Separately, bajakah wood (Uncaria sp.) and cakar ayam leaves (Selaginella doederleinii Hieron) have been traditionally used as anticancer herbal medicines. Previous studies reported the antiproliferative activity of the combination of ethyl acetate fractions of bajakah wood and cakar ayam leaves (FEA-BC), but the underlying molecular mechanism remains unclear. This study aimed to determine the anticancer potential of FEA-BC through apoptosis regulation in the Saccharomyces cerevisiae cell model by evaluating apoptosis hallmarks. In addition, this study predicted the potential of FEA-BC to inhibit human antiapoptotic proteins, namely epidermal growth factor receptor (EGFR) and cellular FLICE-inhibitory protein (cFLIPs).

The study began with sequential partitioning to obtain the ethyl acetate fraction, followed by FEA-BC formulation at a 1:1 ratio. Apoptosis induction was performed by incubating yeast cells with FEA-BC at concentrations of 5, 10, and 100 ppm. After 24 hours, cultures were plated on nonfermentative medium with minimal glucose, and petite colonies were counted after 48 hours. The analyzed parameters included mitochondrial activity (rhodamine B), cell surface changes (scanning electron microscope), phosphatidylserine externalization (Annexin V/FITC-PI), DNA fragmentation (TUNEL), and apoptosis gene regulation (FSH3, AIF1, and YCA1). Meanwhile, inhibition of human antiapoptotic proteins EGFR and cFLIPs was predicted through molecular docking and dynamics.

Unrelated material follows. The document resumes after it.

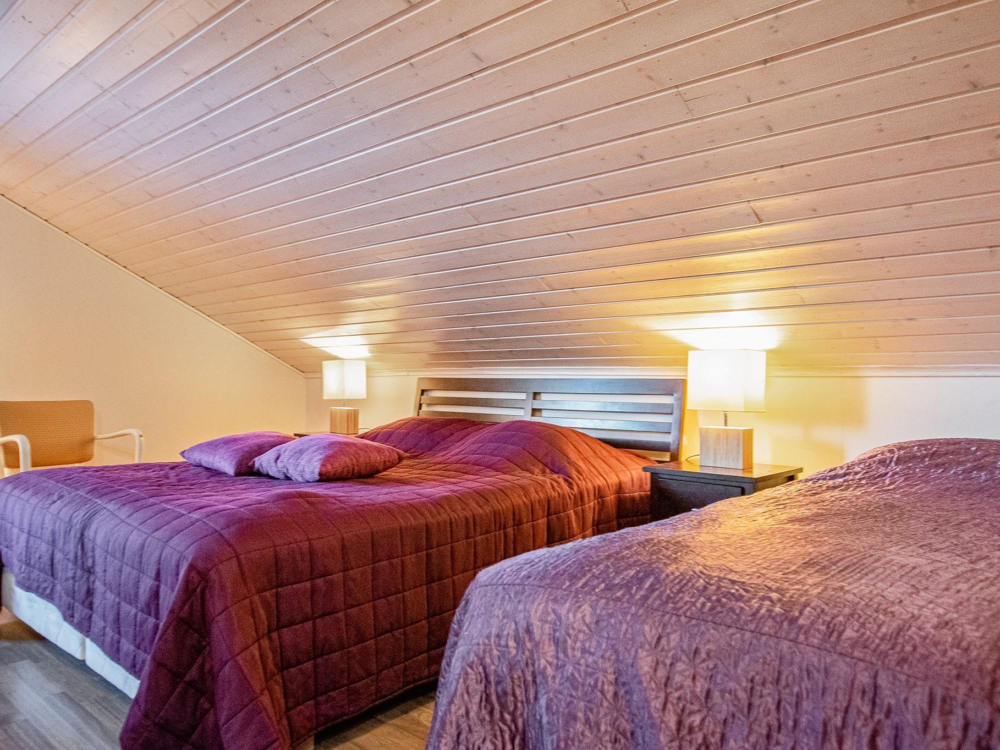 The cabin features a spacious living room with a sofa group, a heat-storing fireplace, large dining area, and a piano. The ground floor has one bedroom (double bed), a separate well-equipped kitchen, and a WC with a shower cubicle and washing machine. The upper floor includes two spacious bedrooms, each with a double bed and an additional single bed.

The highest FEA-BC concentration (100 ppm) caused mitochondrial damage, indicated by the highest petite colony formation (85%) and decreased mitochondrial fluorescence intensity. This concentration also altered cell surface morphology, stimulated phosphatidylserine externalization, and caused massive DNA damage. The 100 ppm concentration increased the expression of apoptosis-related genes FSH3 (6-fold), AIF1 (2-fold), and YCA1 (3-fold), which regulate apoptosis signaling in yeast cells. However, lower concentrations (10 and 5 ppm) were still able to induce apoptosis though with lower activity.

In addition, in silico analysis identified 10-hydroxypheophorbide and selaginellate acid as the best EGFR inhibitors, although they showed lower dynamic stability (RMSD >3 Å), while asperglauside and sotetsuflavone, which inhibited cFLIPs, exhibited good stability (RMSD <3 Å). This study concludes that FEA-BC has potential as an anticancer agent by enhancing mitochondrial pathway-mediated apoptosis in yeast model cells in a dose-dependent manner, as evidenced by the fulfillment of apoptosis hallmarks. Furthermore, FEA-BC is predicted to modulate the human extrinsic apoptosis pathway by inhibiting antiapoptotic proteins involved in cancer progression.